§ AIM OF THE EXERCISE
Could you restate word for word the lines running from the one with "on TürkHaber Tv!" to the end of the data, both ends included, but without pictures?
BEGIN DATA EXCERPT
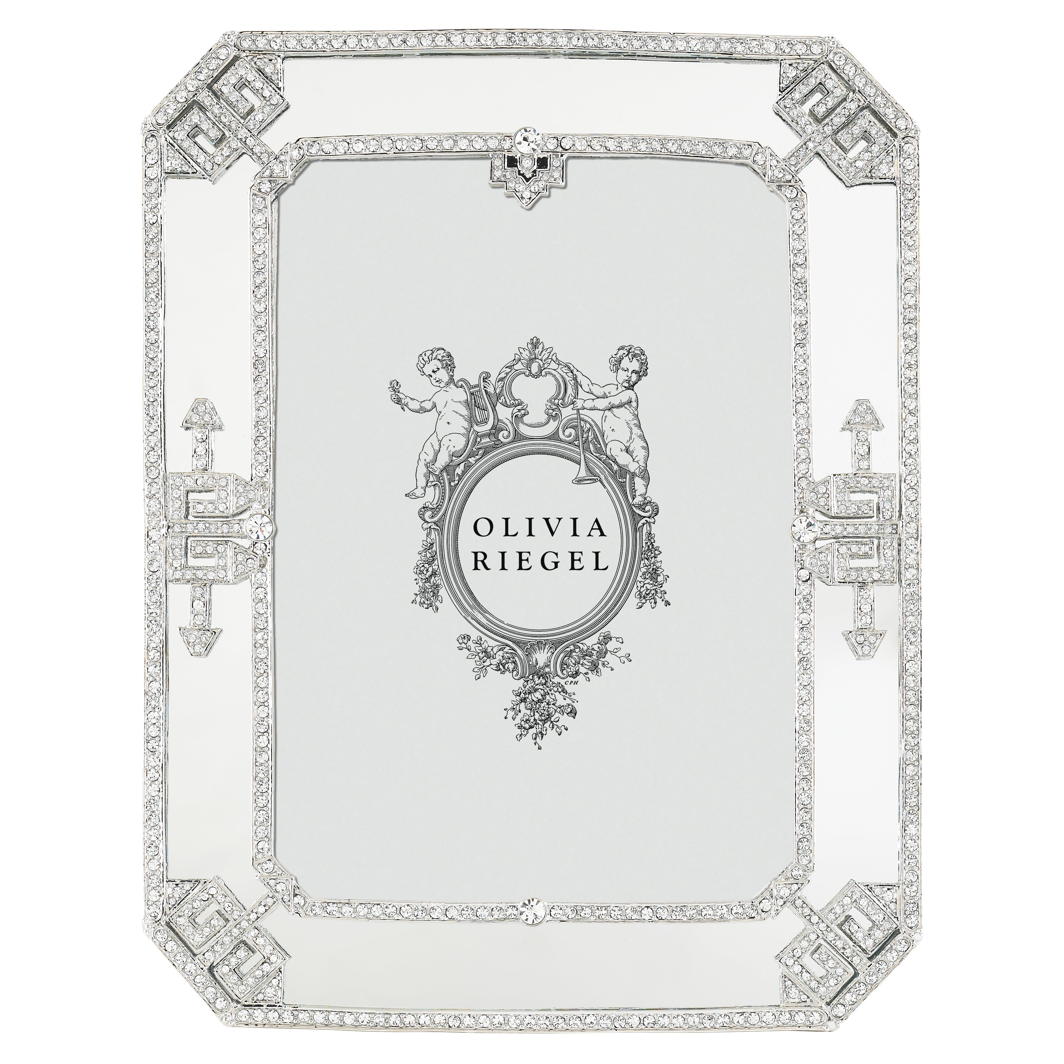 Deco styling in silver finished pewter, inlaid with mirrored glass and encrusted with clear hand-set European crystals. Elegant gray moiré silk back with easel for vertical or horizontal placement. Tarnish resistant. Signature luxury gift box included.
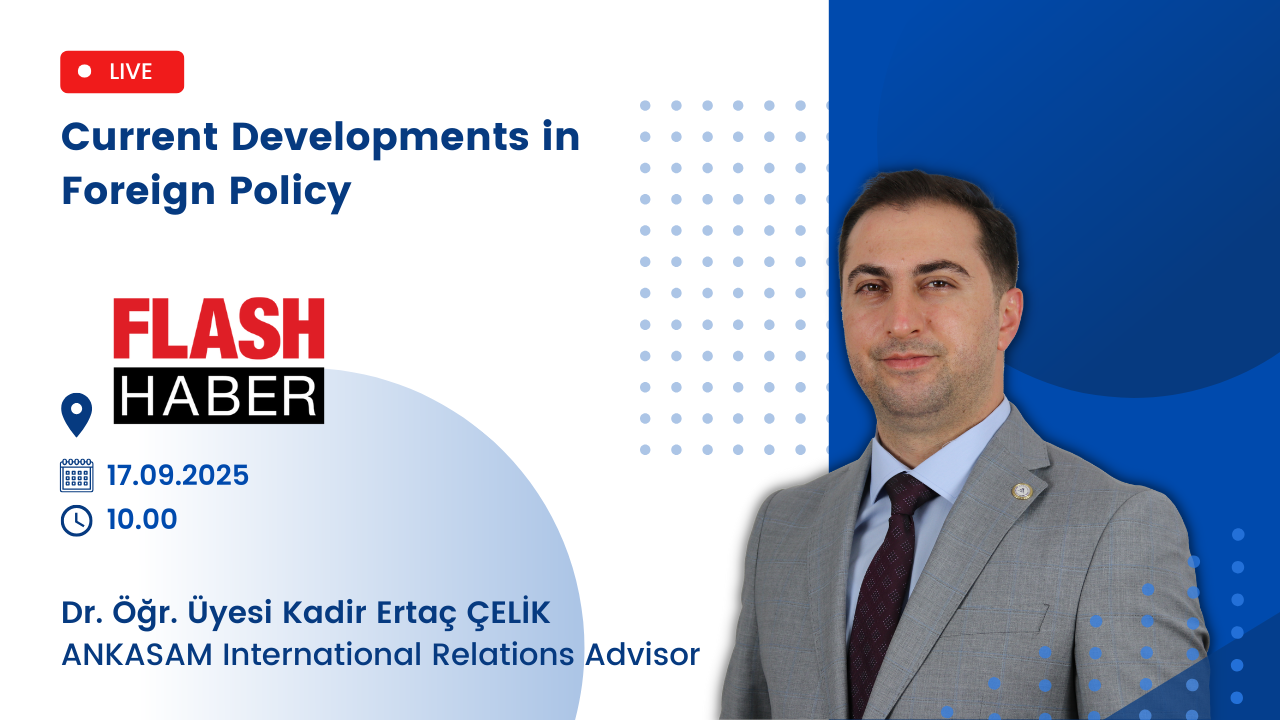 Author: ANKASAM AdminDate:16/09/2025Share:TwitterFacebookLinkedinReddItWhatsAppTelegramEmailPrintCopy URL AnnouncementsANKASAM International Relations Advisor Dr. Kadir Ertaç Çelik on Flash Haber TV! Similar Posts GLOBALPakistani PM: Trump Prevented War in Asia ANKASAM OUTLOOKFuture Prospects in Turkish-American Relations and the “TRC Alliance” CENTRAL ASIABerdymukhamedov in Baku: Azerbaijan and Turkmenistan intensify dialogue on key issues EURASIARussia interested in developing ties with Armenia in all areas — Kremlin spokesman EUROPEEU Decides to Lift Economic Sanctions on SyriaThis post is also available in: Türkçe Русский📆 17.09.2025⏰ 10.00📍 Flash Haber TVANKASAM AdminPrevious articleANKASAM President Prof. Dr. Mehmet Seyfettin Erol on TRT Voice of Türkiye Radio!Next articleANKASAM International Relations Advisor Dr. Kadir Ertaç Çelik on TürkHaber Tv!
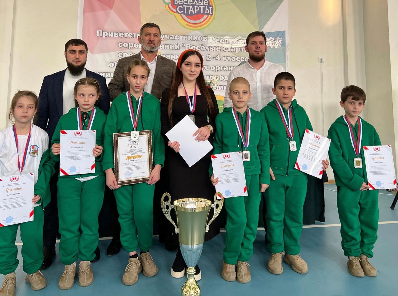КОМАНДА ШКОЛЫ № 26 ГОРОДА ГРОЗНОГО СТАЛА ПРИЗЕРОМ РЕГИОНАЛЬНОГО ЭТАПА ВСЕРОССИЙСКОГО СПОРТИВНОГО ФЕСТИВАЛЯ РОССИЙСКОГО ДВИЖЕНИЯ ШКОЛЬНИКОВ «ВЕСЕЛЫЕ СТАРТЫ». ДАЛА Т1АЬХЬЕ БЕРКАТЕ ЙОЙЛА! МЫ ВАМИ ГОРДИМСЯ
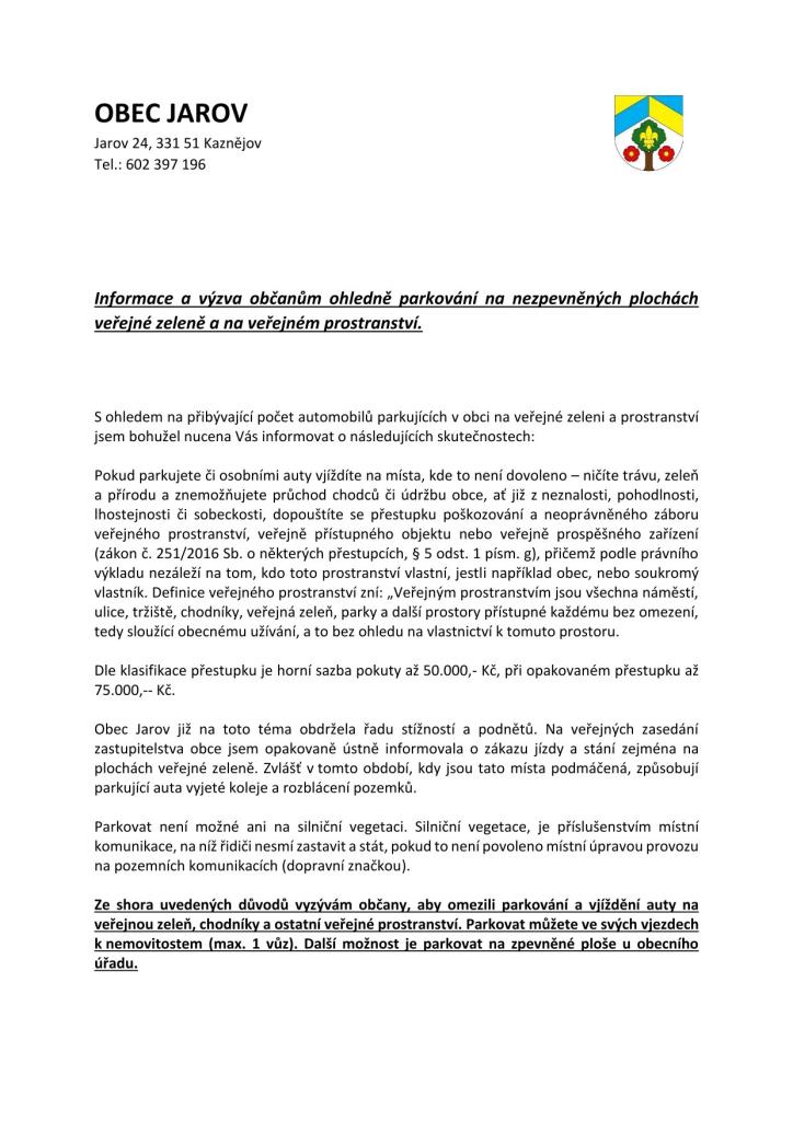 Informace a výzva občanům ohledně parkování na nezpevněných plochách veřejné zeleně_k vyvěšení.pdf Typ: PDF dokument, Velikost: 555.75 kB
END DATA EXCERPT
§ EXERCISE OUTPUT
 Author: ANKASAM AdminDate:16/09/2025Share:TwitterFacebookLinkedinReddItWhatsAppTelegramEmailPrintCopy URL AnnouncementsANKASAM International Relations Advisor Dr. Kadir Ertaç Çelik on Flash Haber TV! Similar Posts GLOBALPakistani PM: Trump Prevented War in Asia ANKASAM OUTLOOKFuture Prospects in Turkish-American Relations and the “TRC Alliance” CENTRAL ASIABerdymukhamedov in Baku: Azerbaijan and Turkmenistan intensify dialogue on key issues EURASIARussia interested in developing ties with Armenia in all areas — Kremlin spokesman EUROPEEU Decides to Lift Economic Sanctions on SyriaThis post is also available in: Türkçe Русский📆 17.09.2025⏰ 10.00📍 Flash Haber TVANKASAM AdminPrevious articleANKASAM President Prof. Dr. Mehmet Seyfettin Erol on TRT Voice of Türkiye Radio!Next articleANKASAM International Relations Advisor Dr. Kadir Ertaç Çelik on TürkHaber Tv!
КОМАНДА ШКОЛЫ № 26 ГОРОДА ГРОЗНОГО СТАЛА ПРИЗЕРОМ РЕГИОНАЛЬНОГО ЭТАПА ВСЕРОССИЙСКОГО СПОРТИВНОГО ФЕСТИВАЛЯ РОССИЙСКОГО ДВИЖЕНИЯ ШКОЛЬНИКОВ «ВЕСЕЛЫЕ СТАРТЫ». ДАЛА Т1АЬХЬЕ БЕРКАТЕ ЙОЙЛА! МЫ ВАМИ ГОРДИМСЯ
 Informace a výzva občanům ohledně parkování na nezpevněných plochách veřejné zeleně_k vyvěšení.pdf Typ: PDF dokument, Velikost: 555.75 kB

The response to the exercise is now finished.